The Rebelution
- Formation: August 2005
- Type: NGO
- Purpose: Youth organization
- Leader: Alex and Brett Harris
- Website: TheRebelution.com

= The Rebelution =

Christian youth organization

The Rebelution is a Christian ministry/organization directed at youth, describing itself as "a teenage rebellion against low expectations." It was founded in August 2005 by twin brothers Alex and Brett Harris, younger brothers of best-selling author and former pastor, Joshua Harris.

== About ==
At age 16, Alex and Brett started a blog called The Rebelution. Since then, the Rebelution movement has grown to include a website and international speaking tour.

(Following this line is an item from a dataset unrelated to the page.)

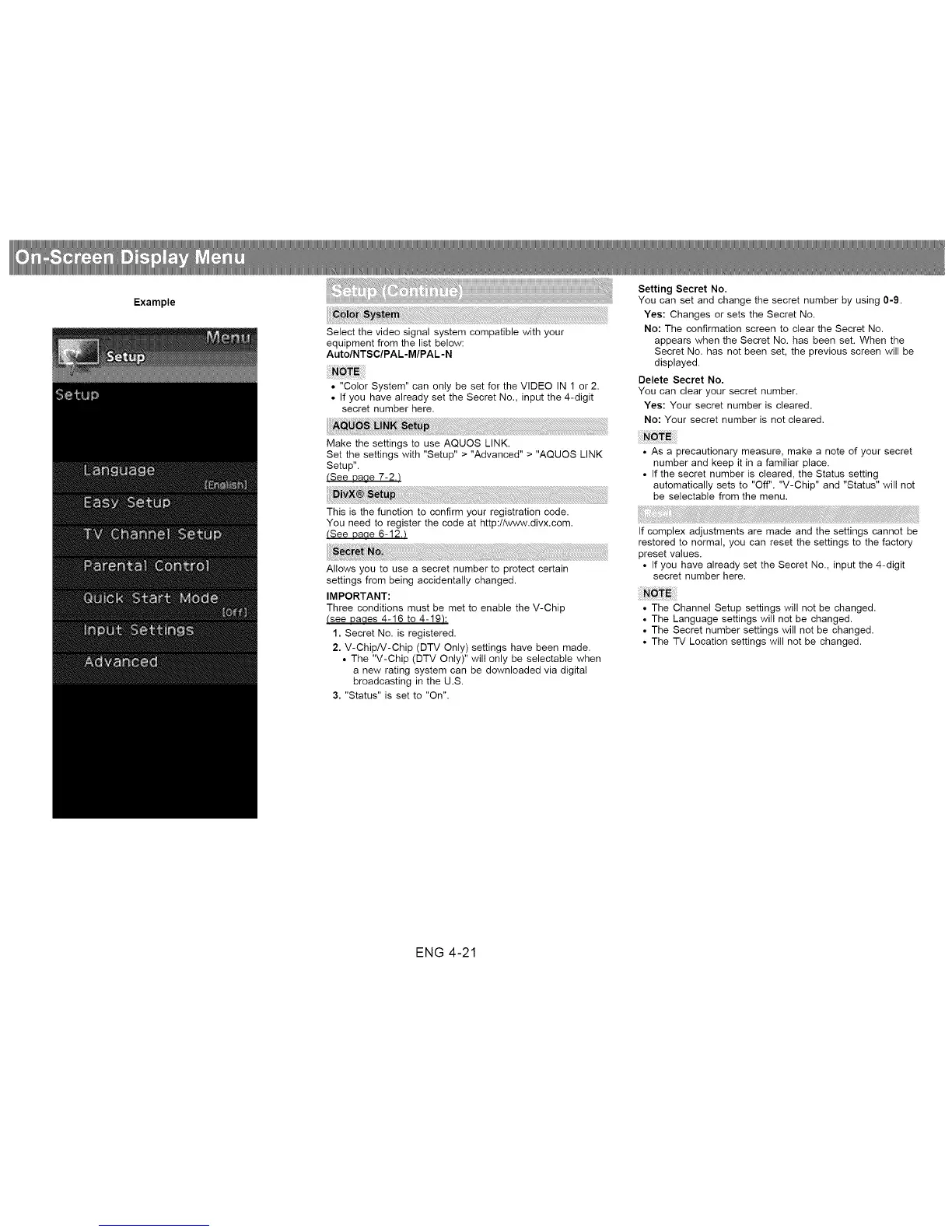 automatically sets to "Off". "V-Chip" and "Status" will not

Expanding on the topic of the blog, the Harris brothers have published two books for Christian teenagers, Do Hard Things: A Teenage Rebellion Against Low Expectations (2008) and Start Here: Doing Hard Things Right Where You Are (2010) with WaterBrook Multnomah, a division of Random House. The Rebelution Tour, a series of one-day conferences for teens and parents, took place every summer from 2007 to 2011. The Rebelution website has been closed to further submissions since August 2024.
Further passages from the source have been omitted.